Department of Anatomy and Neurobiology, University of Maryland School of Medicine, Baltimore, Maryland; Synaptic Plasticity Section, National Institute on Drug Abuse Intramural Research Program, Baltimore, Maryland.
Department of Anatomy and Neurobiology, University of Maryland School of Medicine, Baltimore, Maryland.
Biol Psychiatry. 2019 Jun 15;85(12):1001-1010. doi: 10.1016/j.biopsych.2019.02.007. Epub 2019 Feb 13.
Nucleus accumbens dopamine 1 receptor medium spiny neurons (D1-MSNs) play a critical role in the development of depression-like behavior in mice. Social defeat stress causes dendritic morphological changes on this MSN subtype through expression and activation of early growth response 3 (EGR3) and the Rho guanosine triphosphatase RhoA. However, it is unknown how RhoA inhibition affects electrophysiological properties underlying stress-induced susceptibility.
A novel RhoA-specific inhibitor, Rhosin, was used to inhibit RhoA activity following chronic social defeat stress. Whole-cell electrophysiological recordings of D1-MSNs were performed to assess synaptic and intrinsic consequences of Rhosin treatment on stressed mice. Additionally, recorded cells were filled and analyzed for their morphological properties.
We found that RhoA inhibition prevents both D1-MSN hyperexcitability and reduced excitatory input to D1-MSNs caused by social defeat stress. Nucleus accumbens-specific RhoA inhibition is capable of blocking susceptibility caused by D1-MSN EGR3 expression. Lastly, we found that Rhosin enhances spine density, which correlates with D1-MSN excitability, without affecting overall dendritic branching.
These findings demonstrate that pharmacological inhibition of RhoA during stress drives an enhancement of total spine number in a subset of nucleus accumbens neurons that prevents stress-related electrophysiological deficits and promotes stress resiliency.

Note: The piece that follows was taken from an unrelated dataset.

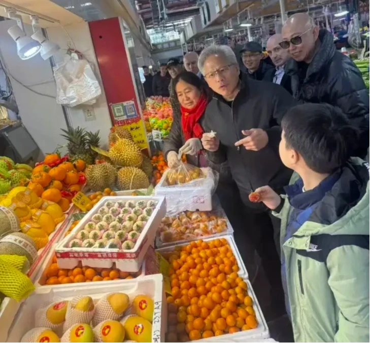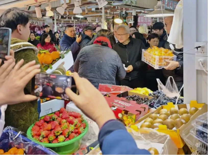 黃仁勳現身上海陸家嘴錦德菜市場買水果 與民眾合照展現親和力
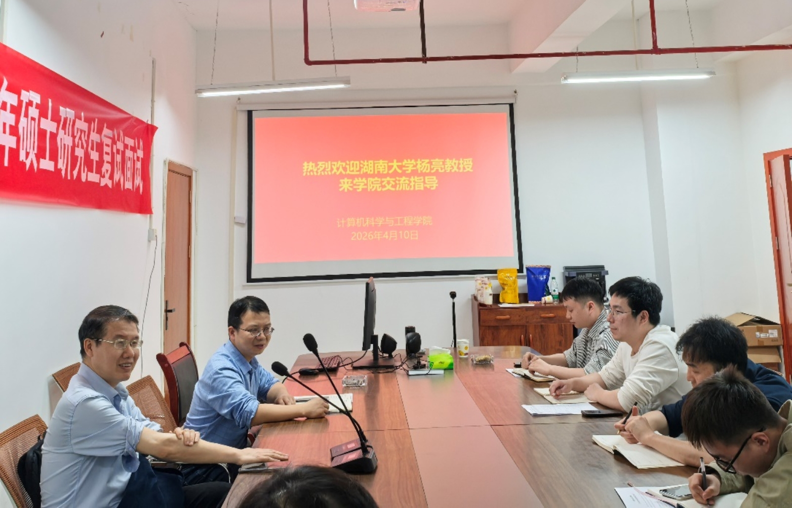 (计算机学院)4月10日下午,湖南省级高层次人才,湖南大学计算机学院博士生导师杨亮教授来我院开展学术指导与交流,深入了解学院学科建设与科研发展情况,并就相关工作提出指导意见。交流会...

伏隔核多巴胺 1 型受体中间神经元(D1-MSN)在小鼠抑郁样行为的发展中起着关键作用。社会挫败应激通过早期生长反应 3(EGR3)和 Rho 鸟苷三磷酸酶 RhoA 的表达和激活导致这种 MSN 亚型的树突形态发生变化。然而,尚不清楚 RhoA 抑制如何影响应激诱导易感性的基础电生理特性。

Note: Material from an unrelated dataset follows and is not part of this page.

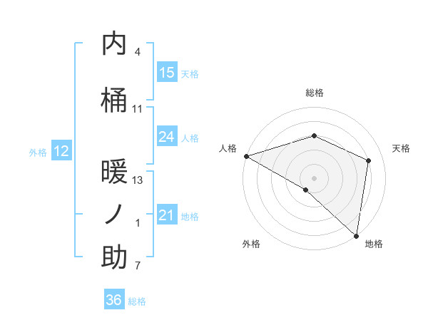 内桶 暖ノ助さんを姓名の画数から五運を鑑定

使用新型 RhoA 特异性抑制剂 Rhosin 抑制慢性社会挫败应激后 RhoA 的活性。进行 D1-MSN 的全细胞膜片钳电生理记录,以评估 Rhosin 处理对应激小鼠突触和内在的影响。此外,还对记录的细胞进行填充和形态学分析。
我们发现 RhoA 抑制可预防社会挫败应激引起的 D1-MSN 过度兴奋和兴奋性传入至 D1-MSN 的减少。伏隔核特异性 RhoA 抑制能够阻断 D1-MSN EGR3 表达引起的易感性。最后,我们发现 Rhosin 增强了棘突密度,这与 D1-MSN 的兴奋性相关,而不影响整体树突分支。
这些发现表明,应激期间 RhoA 的药理学抑制可驱动伏隔核神经元中一组总棘突数量的增加,从而防止与应激相关的电生理缺陷,并促进应激恢复力。